Write a "wrapper" function which generates vectors of Normal random variables with arbitrary mean and variance. A "wrapper" function is just a very short function which calls another function in order to do most of its work. So, your function should just call your standard normal generator to get a vector of standard normal variates, and then re-scale the elements appropriately to give a vector with the correct mean and variance.
4.
If X(1), X(2), ..., X(p) are independent standard Normal random variables, then Z=X(1)*X(1)+X(2)*X(2)+ .... + X(p)*X(p) is a Chi-squared random variable with p degrees of freedom. Write some R code to generate vectors of Chi-squared random variables. See the hints below!
5.
The Cauchy distribution has density function f(x)=1/(Pi*(1+x*x)). Use the transformation method to generate variates from this distribution. Hint: in R and C, the tan function is tan(). Also note that the Cauchy distribution is a long-tailed distribution, so you would expect to get a few very large or small values in your sample. The effect of this is that if you do a histogram of a sample of Cauchy variables, you often get a big spike in the middle. One way around this is to just do a histogram of the values which aren't too extreme. So, if your sample is in x, rather than doing, hist(x,30), do something like hist(x[abs(x)<10],30).
6. (for postgrads)
See if you can download, compile, and run the C code for generation of exponential and Normal random variables (best done on a Unix box). Verify that it offers little in the way of performance gains over the vectorised R code. Extend the C code to generate Chi-squared and Cauchy random variables.

Hints and Tips

Read the hints and tips page!

For the Chi-squared question, the following may be useful!

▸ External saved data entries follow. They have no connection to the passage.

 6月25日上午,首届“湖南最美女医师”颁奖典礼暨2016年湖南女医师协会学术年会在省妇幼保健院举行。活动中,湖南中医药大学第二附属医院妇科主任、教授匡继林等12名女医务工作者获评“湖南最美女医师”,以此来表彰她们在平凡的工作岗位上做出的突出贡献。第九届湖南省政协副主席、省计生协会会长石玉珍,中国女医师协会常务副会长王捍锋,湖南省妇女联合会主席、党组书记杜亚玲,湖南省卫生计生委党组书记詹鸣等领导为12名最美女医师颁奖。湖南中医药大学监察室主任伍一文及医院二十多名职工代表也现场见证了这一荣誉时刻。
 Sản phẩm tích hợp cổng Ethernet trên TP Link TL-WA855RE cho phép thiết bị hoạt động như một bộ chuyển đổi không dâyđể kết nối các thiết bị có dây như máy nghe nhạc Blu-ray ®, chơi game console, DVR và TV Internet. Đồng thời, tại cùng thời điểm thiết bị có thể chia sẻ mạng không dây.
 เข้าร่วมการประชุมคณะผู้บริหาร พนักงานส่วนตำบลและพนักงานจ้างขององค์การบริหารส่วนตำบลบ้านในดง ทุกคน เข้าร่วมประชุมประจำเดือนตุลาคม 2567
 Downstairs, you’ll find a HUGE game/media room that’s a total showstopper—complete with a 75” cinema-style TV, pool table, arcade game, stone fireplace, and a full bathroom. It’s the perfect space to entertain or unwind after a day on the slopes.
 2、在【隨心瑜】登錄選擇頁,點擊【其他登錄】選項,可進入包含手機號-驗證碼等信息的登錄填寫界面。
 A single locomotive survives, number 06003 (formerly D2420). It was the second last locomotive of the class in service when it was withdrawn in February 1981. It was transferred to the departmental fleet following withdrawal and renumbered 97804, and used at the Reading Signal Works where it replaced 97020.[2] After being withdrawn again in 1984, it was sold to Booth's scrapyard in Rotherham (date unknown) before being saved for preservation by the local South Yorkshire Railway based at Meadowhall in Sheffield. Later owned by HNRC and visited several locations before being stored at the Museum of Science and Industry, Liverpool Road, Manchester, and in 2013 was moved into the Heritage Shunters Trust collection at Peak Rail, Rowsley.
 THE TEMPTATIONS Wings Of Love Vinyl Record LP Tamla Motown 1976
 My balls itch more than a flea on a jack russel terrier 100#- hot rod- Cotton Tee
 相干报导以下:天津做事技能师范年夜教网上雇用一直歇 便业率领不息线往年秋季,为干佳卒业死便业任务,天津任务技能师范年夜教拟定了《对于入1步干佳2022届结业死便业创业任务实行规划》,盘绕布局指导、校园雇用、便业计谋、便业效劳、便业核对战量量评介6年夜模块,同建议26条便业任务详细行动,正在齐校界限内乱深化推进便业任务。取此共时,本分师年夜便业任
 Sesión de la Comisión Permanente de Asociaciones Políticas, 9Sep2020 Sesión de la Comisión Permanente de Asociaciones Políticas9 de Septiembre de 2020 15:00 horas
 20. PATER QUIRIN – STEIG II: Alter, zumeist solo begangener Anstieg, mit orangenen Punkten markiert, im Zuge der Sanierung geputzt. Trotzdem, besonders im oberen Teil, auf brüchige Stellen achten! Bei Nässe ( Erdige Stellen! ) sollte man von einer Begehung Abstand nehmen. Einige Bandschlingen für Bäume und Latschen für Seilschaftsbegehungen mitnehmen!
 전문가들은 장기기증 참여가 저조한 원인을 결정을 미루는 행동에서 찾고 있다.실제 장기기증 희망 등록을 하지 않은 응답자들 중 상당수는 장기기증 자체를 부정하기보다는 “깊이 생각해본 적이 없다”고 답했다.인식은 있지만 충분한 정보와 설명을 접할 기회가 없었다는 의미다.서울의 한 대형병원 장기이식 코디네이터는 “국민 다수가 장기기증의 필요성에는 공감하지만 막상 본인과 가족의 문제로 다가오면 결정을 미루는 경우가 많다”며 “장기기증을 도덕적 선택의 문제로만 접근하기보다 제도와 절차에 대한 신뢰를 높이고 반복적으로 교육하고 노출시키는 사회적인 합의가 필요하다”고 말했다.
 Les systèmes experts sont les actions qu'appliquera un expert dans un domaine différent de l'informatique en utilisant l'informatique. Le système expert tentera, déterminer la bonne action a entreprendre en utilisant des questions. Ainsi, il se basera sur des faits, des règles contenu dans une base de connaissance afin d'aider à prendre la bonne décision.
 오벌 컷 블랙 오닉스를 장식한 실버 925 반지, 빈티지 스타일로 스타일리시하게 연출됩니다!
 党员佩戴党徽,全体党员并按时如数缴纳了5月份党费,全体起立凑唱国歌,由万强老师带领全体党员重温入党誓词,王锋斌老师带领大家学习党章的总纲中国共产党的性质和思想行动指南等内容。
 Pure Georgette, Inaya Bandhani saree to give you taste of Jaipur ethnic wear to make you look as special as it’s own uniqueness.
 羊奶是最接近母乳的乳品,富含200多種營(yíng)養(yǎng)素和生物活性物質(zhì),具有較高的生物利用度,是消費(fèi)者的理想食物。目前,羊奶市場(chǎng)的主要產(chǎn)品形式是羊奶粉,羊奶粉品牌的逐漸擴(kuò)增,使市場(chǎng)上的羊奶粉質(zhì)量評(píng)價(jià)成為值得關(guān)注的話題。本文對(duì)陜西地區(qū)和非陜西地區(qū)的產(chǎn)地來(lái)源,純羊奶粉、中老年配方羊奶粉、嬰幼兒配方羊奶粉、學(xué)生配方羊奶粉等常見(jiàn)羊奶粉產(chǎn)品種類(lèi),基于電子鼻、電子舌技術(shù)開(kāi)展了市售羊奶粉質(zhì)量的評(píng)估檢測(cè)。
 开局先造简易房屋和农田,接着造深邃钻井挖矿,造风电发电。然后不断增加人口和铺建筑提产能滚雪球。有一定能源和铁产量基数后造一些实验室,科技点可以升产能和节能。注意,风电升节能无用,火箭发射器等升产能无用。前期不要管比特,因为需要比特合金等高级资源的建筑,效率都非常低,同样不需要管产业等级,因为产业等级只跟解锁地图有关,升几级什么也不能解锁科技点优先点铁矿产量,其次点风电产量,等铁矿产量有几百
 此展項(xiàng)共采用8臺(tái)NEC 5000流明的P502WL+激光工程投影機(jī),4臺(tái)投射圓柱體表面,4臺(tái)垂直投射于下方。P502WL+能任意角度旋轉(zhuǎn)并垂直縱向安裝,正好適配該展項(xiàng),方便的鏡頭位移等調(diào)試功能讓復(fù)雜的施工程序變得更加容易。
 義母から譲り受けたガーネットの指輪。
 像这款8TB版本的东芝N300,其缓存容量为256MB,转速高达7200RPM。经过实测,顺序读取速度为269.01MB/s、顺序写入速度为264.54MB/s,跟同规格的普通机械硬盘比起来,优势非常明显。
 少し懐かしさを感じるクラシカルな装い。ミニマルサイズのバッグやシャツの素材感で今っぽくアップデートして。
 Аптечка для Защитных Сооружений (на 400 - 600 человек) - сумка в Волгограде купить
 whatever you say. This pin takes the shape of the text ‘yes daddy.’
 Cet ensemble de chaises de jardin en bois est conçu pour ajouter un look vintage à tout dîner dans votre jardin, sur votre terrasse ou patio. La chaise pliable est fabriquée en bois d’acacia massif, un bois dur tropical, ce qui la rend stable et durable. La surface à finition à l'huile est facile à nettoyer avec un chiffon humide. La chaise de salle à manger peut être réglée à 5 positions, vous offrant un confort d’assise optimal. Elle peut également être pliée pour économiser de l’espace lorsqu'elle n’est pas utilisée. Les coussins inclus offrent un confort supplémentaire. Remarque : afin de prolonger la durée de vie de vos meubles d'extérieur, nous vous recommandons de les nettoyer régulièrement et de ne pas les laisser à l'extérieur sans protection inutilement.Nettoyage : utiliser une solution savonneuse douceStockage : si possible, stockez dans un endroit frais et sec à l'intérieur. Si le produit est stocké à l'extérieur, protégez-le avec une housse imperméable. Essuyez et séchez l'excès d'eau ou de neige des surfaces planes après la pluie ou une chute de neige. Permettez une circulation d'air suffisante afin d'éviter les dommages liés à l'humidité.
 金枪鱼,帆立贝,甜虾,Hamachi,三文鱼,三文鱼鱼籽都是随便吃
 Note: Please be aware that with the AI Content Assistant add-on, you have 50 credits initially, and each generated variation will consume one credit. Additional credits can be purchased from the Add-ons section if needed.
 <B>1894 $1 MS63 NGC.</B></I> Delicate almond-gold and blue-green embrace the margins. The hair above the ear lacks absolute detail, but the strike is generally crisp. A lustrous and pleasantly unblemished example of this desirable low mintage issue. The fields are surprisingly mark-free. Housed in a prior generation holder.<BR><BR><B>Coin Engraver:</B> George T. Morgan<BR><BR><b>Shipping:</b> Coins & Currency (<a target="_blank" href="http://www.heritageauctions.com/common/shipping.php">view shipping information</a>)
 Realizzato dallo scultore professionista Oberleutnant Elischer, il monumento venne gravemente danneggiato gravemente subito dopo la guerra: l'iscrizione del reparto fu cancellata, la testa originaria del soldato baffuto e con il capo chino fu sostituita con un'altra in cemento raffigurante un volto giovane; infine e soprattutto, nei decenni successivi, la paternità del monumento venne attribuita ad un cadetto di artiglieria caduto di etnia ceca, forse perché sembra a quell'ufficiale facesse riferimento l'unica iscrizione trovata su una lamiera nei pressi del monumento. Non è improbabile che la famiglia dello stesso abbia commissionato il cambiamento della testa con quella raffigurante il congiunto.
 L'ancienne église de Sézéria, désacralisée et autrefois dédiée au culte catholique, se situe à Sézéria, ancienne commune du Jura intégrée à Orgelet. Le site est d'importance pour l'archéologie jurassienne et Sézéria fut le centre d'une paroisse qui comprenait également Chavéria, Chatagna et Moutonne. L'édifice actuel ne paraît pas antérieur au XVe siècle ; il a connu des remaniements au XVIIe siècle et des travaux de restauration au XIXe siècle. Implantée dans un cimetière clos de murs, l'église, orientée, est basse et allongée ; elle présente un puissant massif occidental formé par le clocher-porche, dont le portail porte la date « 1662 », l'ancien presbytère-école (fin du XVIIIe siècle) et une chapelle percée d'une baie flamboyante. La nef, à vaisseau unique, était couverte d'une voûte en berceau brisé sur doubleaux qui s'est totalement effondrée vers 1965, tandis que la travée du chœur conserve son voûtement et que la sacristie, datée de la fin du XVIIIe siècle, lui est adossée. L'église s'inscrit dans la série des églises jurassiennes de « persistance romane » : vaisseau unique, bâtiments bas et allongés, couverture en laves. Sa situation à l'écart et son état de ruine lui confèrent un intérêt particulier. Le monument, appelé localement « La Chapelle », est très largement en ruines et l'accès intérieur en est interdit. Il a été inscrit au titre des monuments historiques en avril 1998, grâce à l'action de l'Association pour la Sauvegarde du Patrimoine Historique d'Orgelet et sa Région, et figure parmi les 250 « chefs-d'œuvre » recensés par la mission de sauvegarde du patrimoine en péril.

m<-matrix(rnorm(n*p),ncol=p)   # creates a matrix with p columns
mat<-m*m                       # "*" is element-wise product
mat %*% rep(1,p)               # "%*%" is matrix multiplication
An alternative to the last line is
apply(mat,1,sum)
Try both and see which is faster.

Also, in the lecture on transformation methods we mentioned sums of uniforms in order to generate normal random variables, exploiting the central limit theorem. The following R function demonstrates that convergence.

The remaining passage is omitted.